▶ _WHAT YOU HAVE TO DO_
Leaving the pictures aside, transcribe only and exactly the lines from the one with "Extra-Large Go Bowls" through the end of the entries, both included.

▶ _SUPPLIED ENTRIES_
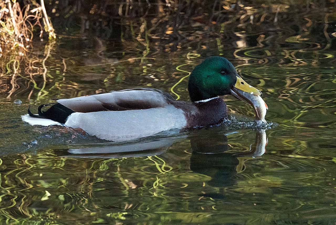 Beskrivelse: Fisken var eftertragtet blandt de andre gråænder, som jagtede anden der havde den. Fisken blev flere gange dukket under vandet, og rusket kraftigt fra side til side. Da jeg forlod stedet efter en halv time, var en tredjedel af fisken spist.
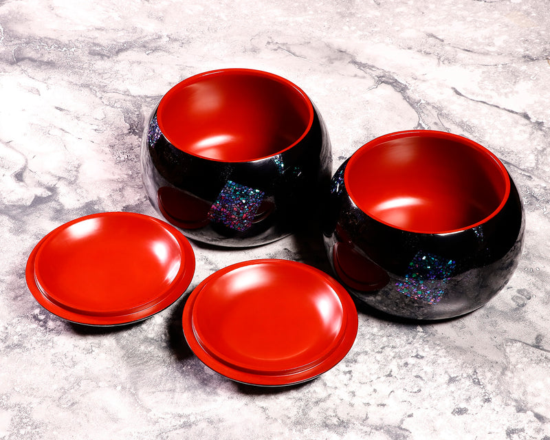 Extra-Large Go Bowls with Mosaic Raden Inlay by Urushi Artist Mutsumi Oitate
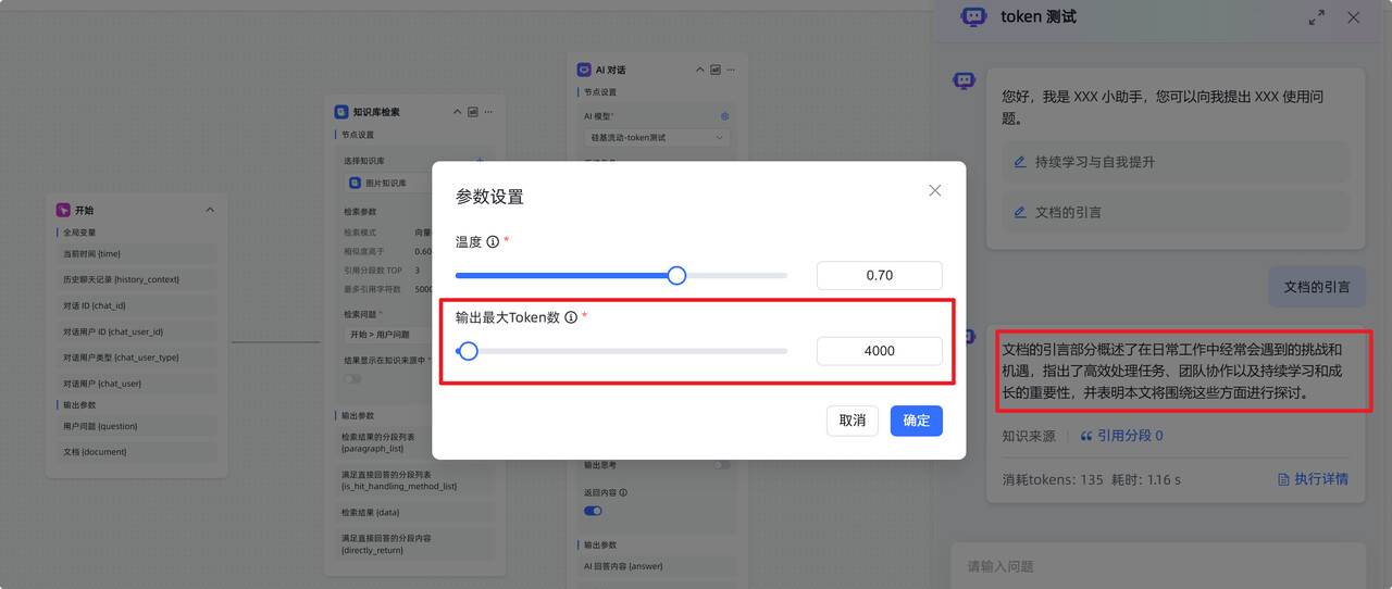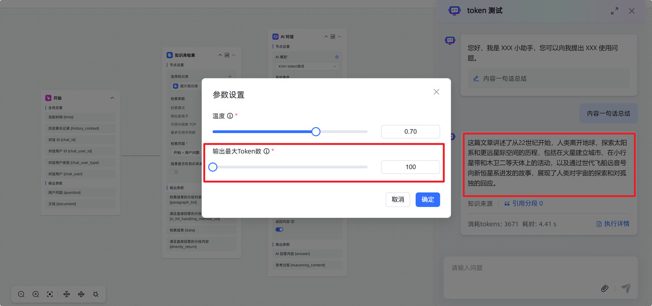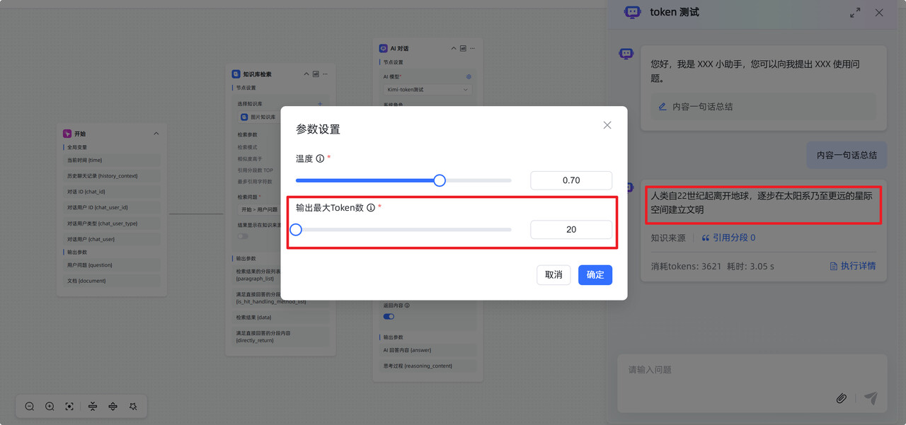问题描述:AI 对话节点设置的 max_tokens 不够大,导致生成的内容被截断。
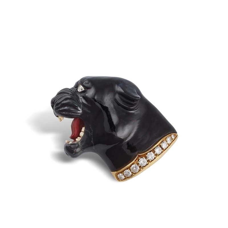 SPILLA A FORMA DI TESTA DI PANTERA in oro giallo 18kt e pietra dura (difetti), raffigurante la testa di una pantera a fauci aperte, impreziosita da diamanti taglio brillante per ct 1.20 circa, punzoni 750 e del fabbricante, dim. cm 3x4,5, gr. 41
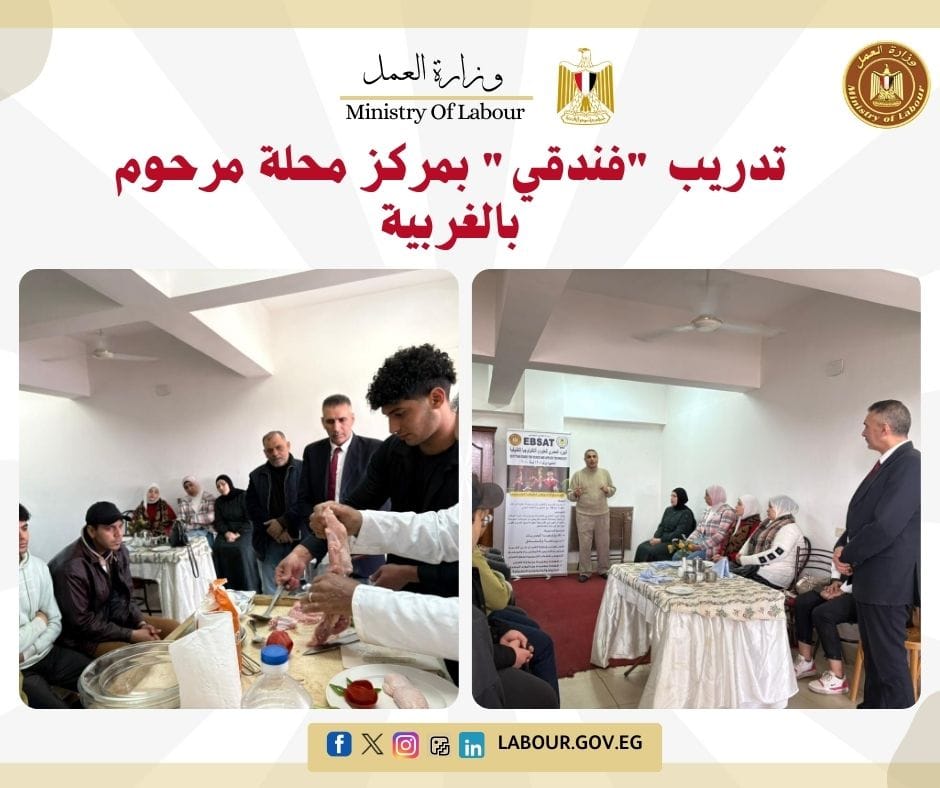 تفقد المهندس نهاد عبد المعطي، وكيل وزارة العمل بالغربية، برامج التدريب المهني في قطاع السياحة والفنادق بمركز تدريب محلة مرحوم. يأتي البرنامج بالتعاون مع مؤسسة الدلتا للتنمية المستدامة، ويهدف إلى إعداد كوادر مؤهلة فنياً لسوق العمل، مع منح الخريجين شهادات معتمدة وفرص عمل حقيقية لربط مخرجات التدريب بالتشغيل.
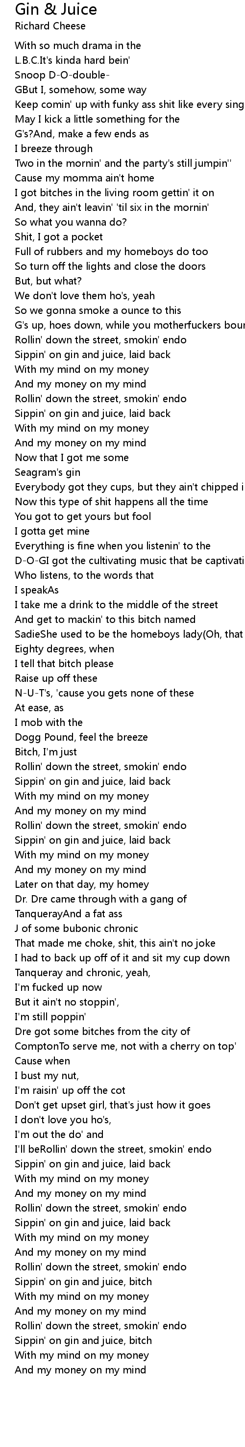 Sippin' on gin and juice, laid back |
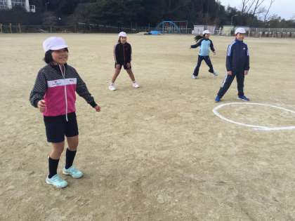 キャッチボールをした後に、ハンドベースボールの試合をしていました。
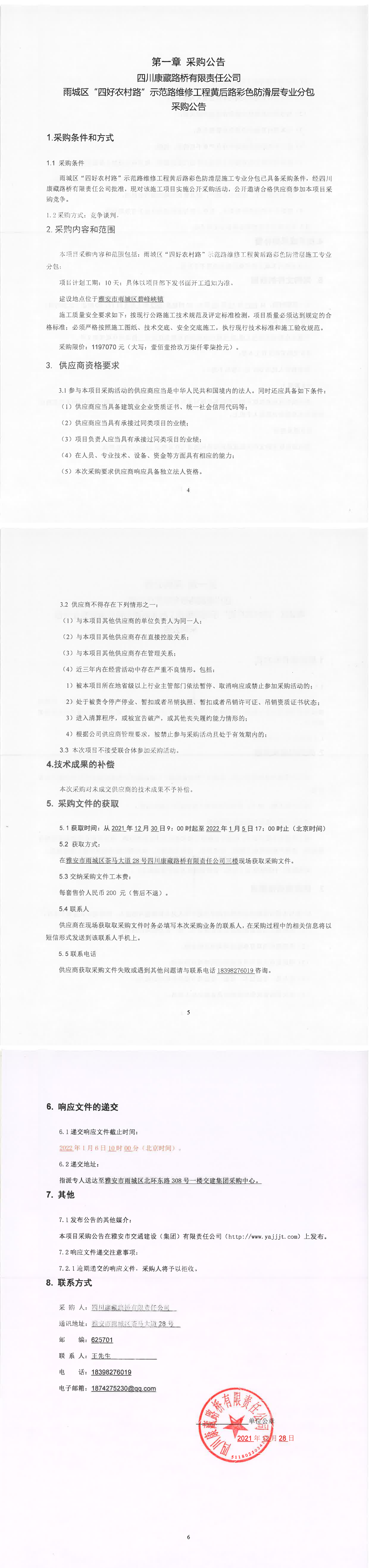 四川康藏路橋有限責(zé)任公司雨城區(qū)“四好農(nóng)村路”示范路維修工程黃后路彩色防滑層專業(yè)分包采購(gòu)公告

▶ _REPLY TO THE TASK_
 Extra-Large Go Bowls with Mosaic Raden Inlay by Urushi Artist Mutsumi Oitate
问题描述:AI 对话节点设置的 max_tokens 不够大,导致生成的内容被截断。
 SPILLA A FORMA DI TESTA DI PANTERA in oro giallo 18kt e pietra dura (difetti), raffigurante la testa di una pantera a fauci aperte, impreziosita da diamanti taglio brillante per ct 1.20 circa, punzoni 750 e del fabbricante, dim. cm 3x4,5, gr. 41
 تفقد المهندس نهاد عبد المعطي، وكيل وزارة العمل بالغربية، برامج التدريب المهني في قطاع السياحة والفنادق بمركز تدريب محلة مرحوم. يأتي البرنامج بالتعاون مع مؤسسة الدلتا للتنمية المستدامة، ويهدف إلى إعداد كوادر مؤهلة فنياً لسوق العمل، مع منح الخريجين شهادات معتمدة وفرص عمل حقيقية لربط مخرجات التدريب بالتشغيل.
 Sippin' on gin and juice, laid back |
 キャッチボールをした後に、ハンドベースボールの試合をしていました。
 四川康藏路橋有限責(zé)任公司雨城區(qū)“四好農(nóng)村路”示范路維修工程黃后路彩色防滑層專業(yè)分包采購(gòu)公告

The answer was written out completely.